Work to be completed>
Once "Салаты - блюдо, которое" turns up in a line below, reproduce that line and those after it exactly, stopping after the line with "The Eylar 57"; leave pictures out.

Data provided>
▼
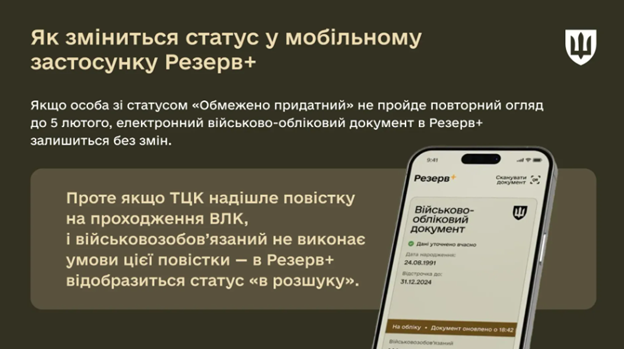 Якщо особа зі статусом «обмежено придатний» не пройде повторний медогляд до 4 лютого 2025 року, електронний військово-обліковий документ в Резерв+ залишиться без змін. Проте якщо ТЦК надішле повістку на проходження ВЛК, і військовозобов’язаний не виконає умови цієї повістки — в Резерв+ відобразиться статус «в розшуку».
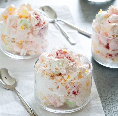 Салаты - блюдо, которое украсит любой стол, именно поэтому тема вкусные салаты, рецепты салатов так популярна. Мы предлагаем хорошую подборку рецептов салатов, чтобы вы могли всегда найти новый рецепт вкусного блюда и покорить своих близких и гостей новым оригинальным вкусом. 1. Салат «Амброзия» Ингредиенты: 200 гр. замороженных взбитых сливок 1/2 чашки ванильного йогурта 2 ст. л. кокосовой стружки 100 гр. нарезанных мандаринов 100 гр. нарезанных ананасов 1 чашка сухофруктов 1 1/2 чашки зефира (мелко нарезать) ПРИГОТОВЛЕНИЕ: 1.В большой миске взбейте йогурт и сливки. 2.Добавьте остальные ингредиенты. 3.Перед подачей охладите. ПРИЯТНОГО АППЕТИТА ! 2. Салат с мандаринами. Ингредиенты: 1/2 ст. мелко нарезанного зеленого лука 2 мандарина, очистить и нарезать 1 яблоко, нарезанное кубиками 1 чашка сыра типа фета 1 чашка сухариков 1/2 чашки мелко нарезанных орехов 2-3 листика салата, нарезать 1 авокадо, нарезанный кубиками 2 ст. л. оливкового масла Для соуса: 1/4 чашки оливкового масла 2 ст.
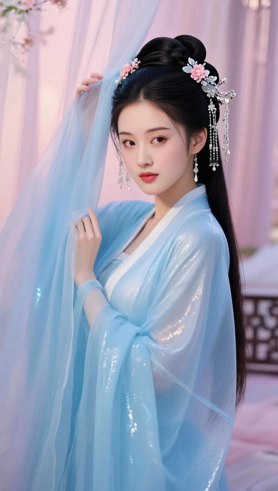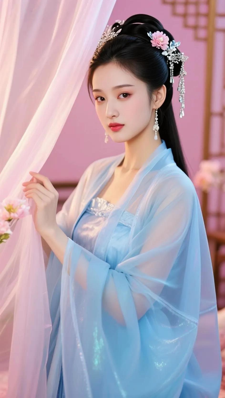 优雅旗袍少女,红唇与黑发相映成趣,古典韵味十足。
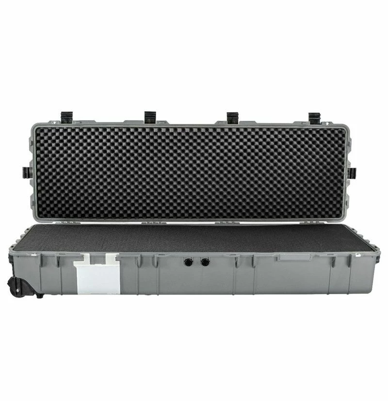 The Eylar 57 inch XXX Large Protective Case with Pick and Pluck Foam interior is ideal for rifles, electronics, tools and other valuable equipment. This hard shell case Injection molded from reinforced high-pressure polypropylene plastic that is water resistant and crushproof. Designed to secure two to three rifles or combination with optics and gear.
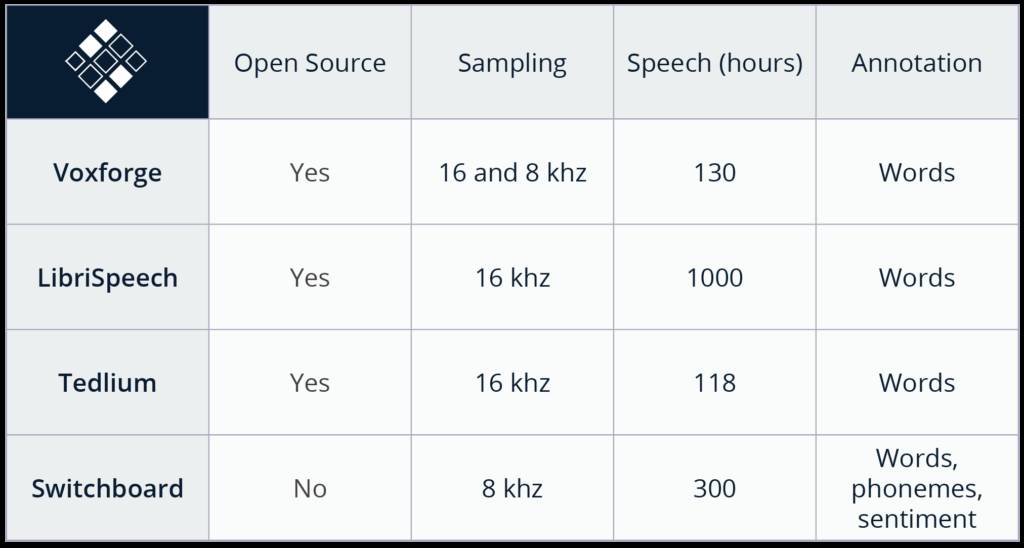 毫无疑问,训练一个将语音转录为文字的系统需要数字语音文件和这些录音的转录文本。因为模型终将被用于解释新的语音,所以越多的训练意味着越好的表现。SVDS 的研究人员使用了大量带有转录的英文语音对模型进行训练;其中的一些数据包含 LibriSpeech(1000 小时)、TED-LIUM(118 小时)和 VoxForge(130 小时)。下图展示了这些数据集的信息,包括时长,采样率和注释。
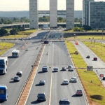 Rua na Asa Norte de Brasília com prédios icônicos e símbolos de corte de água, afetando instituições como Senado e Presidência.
▲
▼
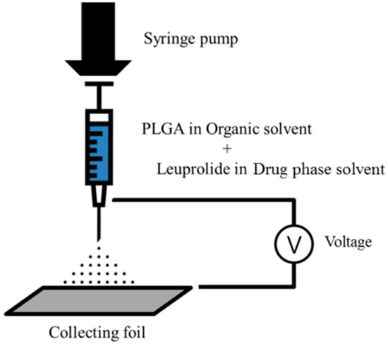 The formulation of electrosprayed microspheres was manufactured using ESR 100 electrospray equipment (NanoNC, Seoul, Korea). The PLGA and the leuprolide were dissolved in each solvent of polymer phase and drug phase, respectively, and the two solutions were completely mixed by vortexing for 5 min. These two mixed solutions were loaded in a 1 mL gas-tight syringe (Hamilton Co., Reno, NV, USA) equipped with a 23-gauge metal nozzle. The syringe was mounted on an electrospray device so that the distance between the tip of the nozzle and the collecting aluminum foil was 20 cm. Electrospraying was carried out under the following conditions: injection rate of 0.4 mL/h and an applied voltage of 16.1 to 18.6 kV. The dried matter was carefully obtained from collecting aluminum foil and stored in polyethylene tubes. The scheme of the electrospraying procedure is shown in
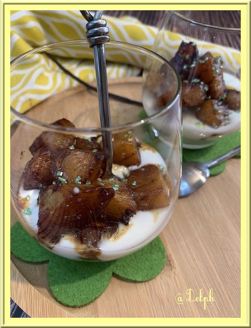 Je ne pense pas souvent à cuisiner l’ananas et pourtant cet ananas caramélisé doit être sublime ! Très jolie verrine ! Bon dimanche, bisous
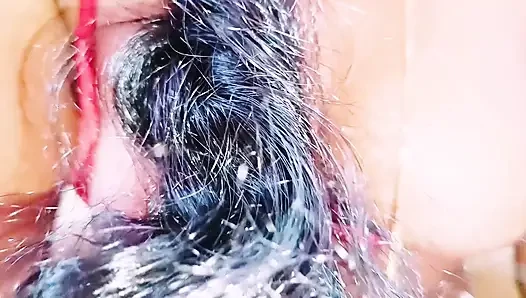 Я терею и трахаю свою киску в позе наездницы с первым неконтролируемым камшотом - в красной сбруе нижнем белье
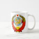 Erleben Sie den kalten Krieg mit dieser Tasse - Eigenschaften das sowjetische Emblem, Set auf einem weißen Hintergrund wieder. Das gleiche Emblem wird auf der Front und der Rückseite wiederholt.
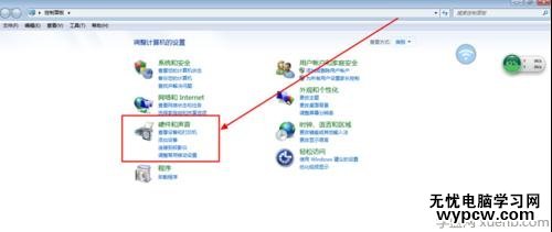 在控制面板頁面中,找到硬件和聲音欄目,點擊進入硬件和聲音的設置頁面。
▲
▼
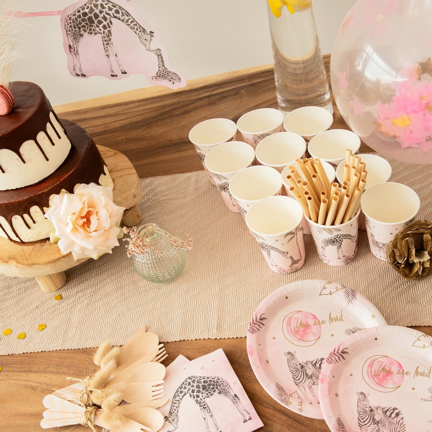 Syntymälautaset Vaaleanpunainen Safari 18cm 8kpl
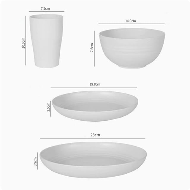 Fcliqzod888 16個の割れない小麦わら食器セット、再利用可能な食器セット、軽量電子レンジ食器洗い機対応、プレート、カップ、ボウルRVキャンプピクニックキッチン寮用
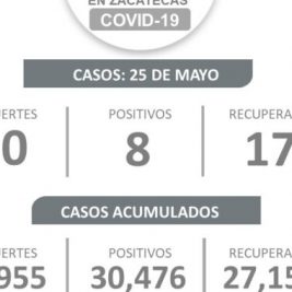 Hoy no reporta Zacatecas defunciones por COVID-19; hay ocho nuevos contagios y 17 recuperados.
▲
Reply>
 Салаты - блюдо, которое украсит любой стол, именно поэтому тема вкусные салаты, рецепты салатов так популярна. Мы предлагаем хорошую подборку рецептов салатов, чтобы вы могли всегда найти новый рецепт вкусного блюда и покорить своих близких и гостей новым оригинальным вкусом. 1. Салат «Амброзия» Ингредиенты: 200 гр. замороженных взбитых сливок 1/2 чашки ванильного йогурта 2 ст. л. кокосовой стружки 100 гр. нарезанных мандаринов 100 гр. нарезанных ананасов 1 чашка сухофруктов 1 1/2 чашки зефира (мелко нарезать) ПРИГОТОВЛЕНИЕ: 1.В большой миске взбейте йогурт и сливки. 2.Добавьте остальные ингредиенты. 3.Перед подачей охладите. ПРИЯТНОГО АППЕТИТА ! 2. Салат с мандаринами. Ингредиенты: 1/2 ст. мелко нарезанного зеленого лука 2 мандарина, очистить и нарезать 1 яблоко, нарезанное кубиками 1 чашка сыра типа фета 1 чашка сухариков 1/2 чашки мелко нарезанных орехов 2-3 листика салата, нарезать 1 авокадо, нарезанный кубиками 2 ст. л. оливкового масла Для соуса: 1/4 чашки оливкового масла 2 ст.
 优雅旗袍少女,红唇与黑发相映成趣,古典韵味十足。
 The Eylar 57 inch XXX Large Protective Case with Pick and Pluck Foam interior is ideal for rifles, electronics, tools and other valuable equipment. This hard shell case Injection molded from reinforced high-pressure polypropylene plastic that is water resistant and crushproof. Designed to secure two to three rifles or combination with optics and gear.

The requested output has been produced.